Ferrucci stressed that he didn’t have a problem with IndyCar race control doing everything in their power to make sure the race finished the distance under green.

“The way that IndyCar finished under green was 100 percent correct for the fans,” Ferrucci said. “It didn’t affect anything for me. What affected me wasn’t the red, it was the yellow.

“The second it went yellow, had it gone yellow two seconds later had they waited, which you can’t wait when you’re crashing, so there’s nothing you can do, I was in third, I was about 6 inches behind Newgarden, and that’s very clear in the video.

“At the end of the day, nothing changed for me. The fact that they actually went red and restarted the race gave me that opportunity to win again. I just didn’t have a great restart because it’s chaotic when you just go. You’ve got to also remember there’s no restart zone.
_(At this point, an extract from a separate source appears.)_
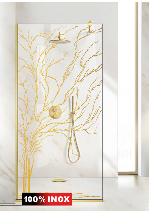 Paravan Cabina dus Walk-In, Aqua Roy ® Gold model TREE auriu, sticla clara, securizata,de 8 mm grosime, geam dus la dimensiuni standard: 50/60/70/80/90/100/110/120/130/140 cm x 195 cm, cu intrare laterala, executie pretentioasa cu materiale de calitate top si de durata. Peretele de dus are toata feroneria de culoare aurie luciu oglinda cu un aspect si o calitate deosebita!

“At that point when you’re going green for one lap, it was really cool to see the shootout, I’m not going to lie, but you know that they’re going green, so you were literally at the hands of the leader on a completely random — you could start going into 3 in the middle of 3 and 4 out of 4. He could start the race whenever he wanted to start the race instead of in the zone, so it was completely unpredictable.

“(Ericsson) had a really good jump, and I did not. That’s what took me out of the win at the end of the race. It had nothing to do with IndyCar or the red in my opinion.”
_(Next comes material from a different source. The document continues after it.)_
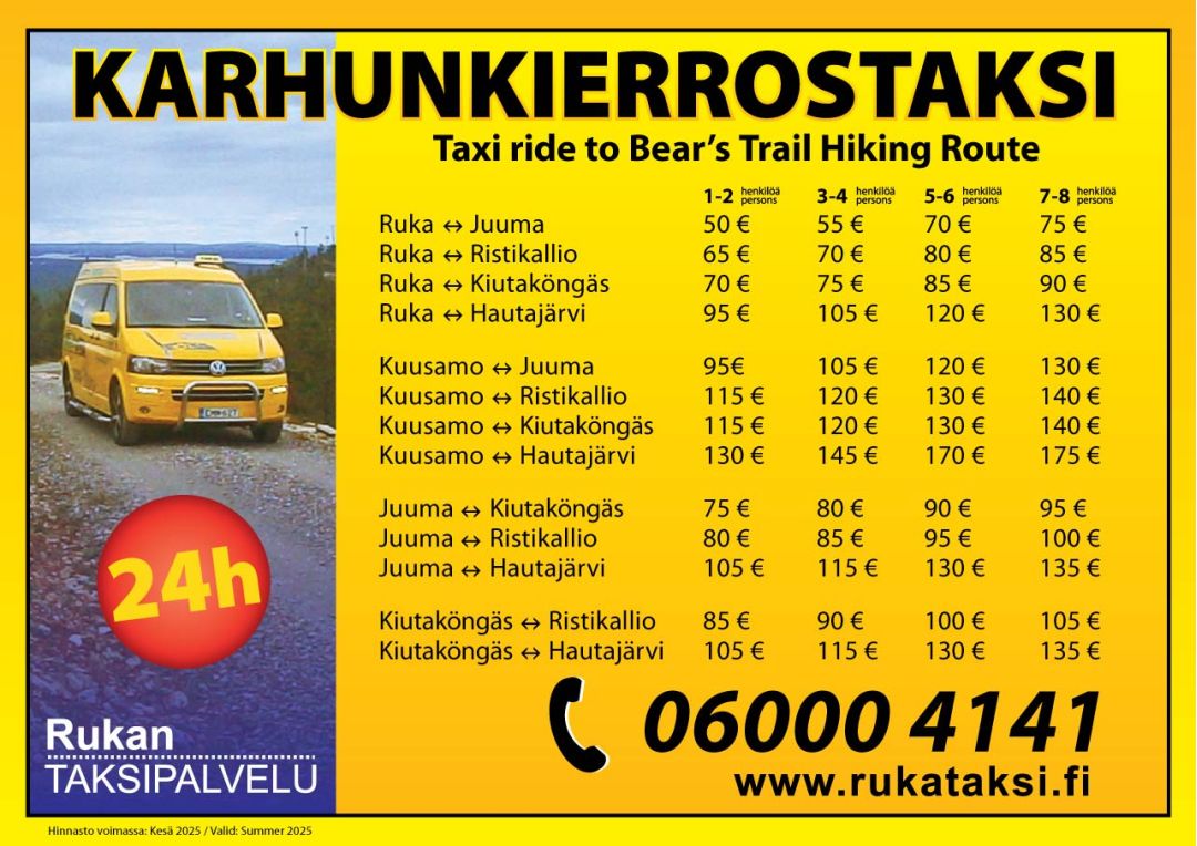 Rukan Taksi ja Huoltopalvelu Oy is a family company founded in 1993. Our company operates at the Ruka-Kuusamo area offering taxi and minibus transport. For larger groups, we have a coach that seats 50 people.

Ferrucci and rookie teammate Benjamin Pedersen helped put a smile on 88-year-old AJ Foyt’s face in what started as the one of the saddest months of Foyt’s life after his wife of 68 years, Lucy, died.

Foyt returned to the Indianapolis Motor Speedway dealing with grief, but for the past three weeks, he was able to see his racing team return to prominence.
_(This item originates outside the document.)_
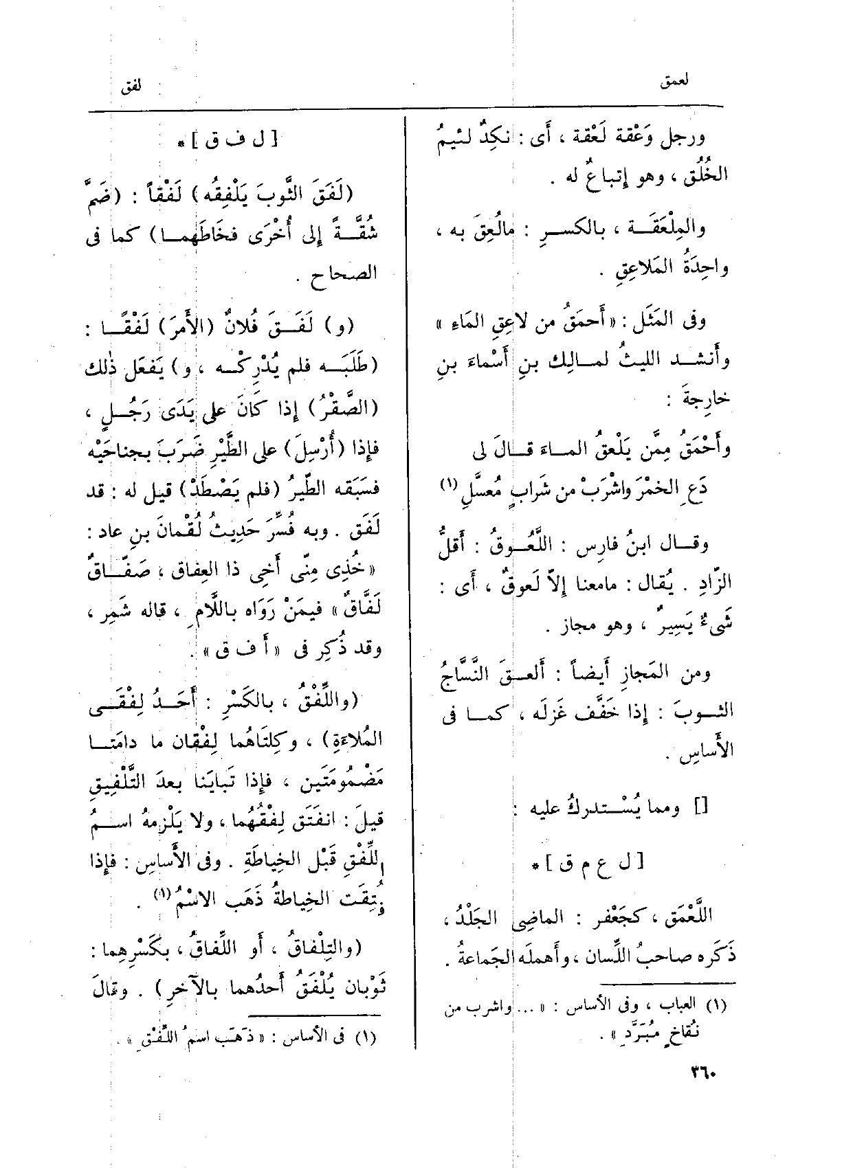 لَفَقَ الثّوبَ يلْفِقُه لَفْقاً: ضمّ شُقّةً الى أخْرى فخاطَهما كَمَا فِي الصّحاح. ولَفَقَ فُلانٌ الأمرَ لَفْقاً: طَلَبه فَلم يُدْرِكْه، ويَفعَل ذَلِك الصّقْرُ إِذا كَانَ على يَدَي رجُلٍ، فَإِذا أُرْسِل على الطّير ضَرَبَ بجناحَيْه فسَبَقه الطّيرُ فَلم يصْطَدْ قيل لَهُ: قد لَفَق. وَبِه فُسِّر حديثُ لُقْمانَ بنِ عَاد: خُذي منّي أخي ذَا العِفاق، صَفّاقٌ لَفّاقٌ فيمَنْ رَواه باللاّمِ، قَالَه شَمِر، وَقد ذُكِر فِي أُفٍّ ق. واللِّفْقُ، بالكَسْر: أحدُ لِفْقَي المُلاءَةِ، وكِلتاهُما لِفْقان مَا دامَتا مضْمومَتَين، فَإِذا تَبايَنا بعدَ التّلْفيقِ قيل: انفَتَق لِفْقُهُما، وَلَا يَلزمُهُ اسمُ اللِّفْقِ قبل الخِياطَة. وَفِي الأساس: فَإِذا فُتِقَت الخِياطةُ ذهَبَ الاسْمُ.

I think he was really proud,” Ferrucci said of Foyt. “There’s truly two people that understood my emotions and felt my emotions on Sunday. A.J. was one, and Michael Cannon (his engineer) was the other.

“If you look at some of the photos from that day, you can kind of see it in my eyes, just — you really have to have it in your hands and then lose it in your hands to kind of understand that feeling of when you work that hard. You have to understand you’re coming from a team with two cars, a budget that’s a quarter of the size of Penske and Ganassi, and that’s all month long. We wanted it probably that much more than everybody else that day.

“To come up that short, A.J.’s finished second and third on dominant days in the ’70s, and he talked about those races, where we had the car to win. We were by far the best car at the end of that race. Once the Team McLarens were out of it and the 10 car and the 21 had the incident in pit lane, that left us.

“We were the car to win, and yeah, just sitting third knowing there’s nothing you can do, after all that hard work, yeah, it’s a feeling that very few people would understand.

“But he was incredibly proud of I think what the organization accomplished. I’m very proud of Larry and what Larry Foyt has done with the team because Larry has had control of this team since 2007, and to see him get his first podium as a team boss and team owner at the speedway was huge.

“I think everybody was incredibly proud of what we’ve accomplished.”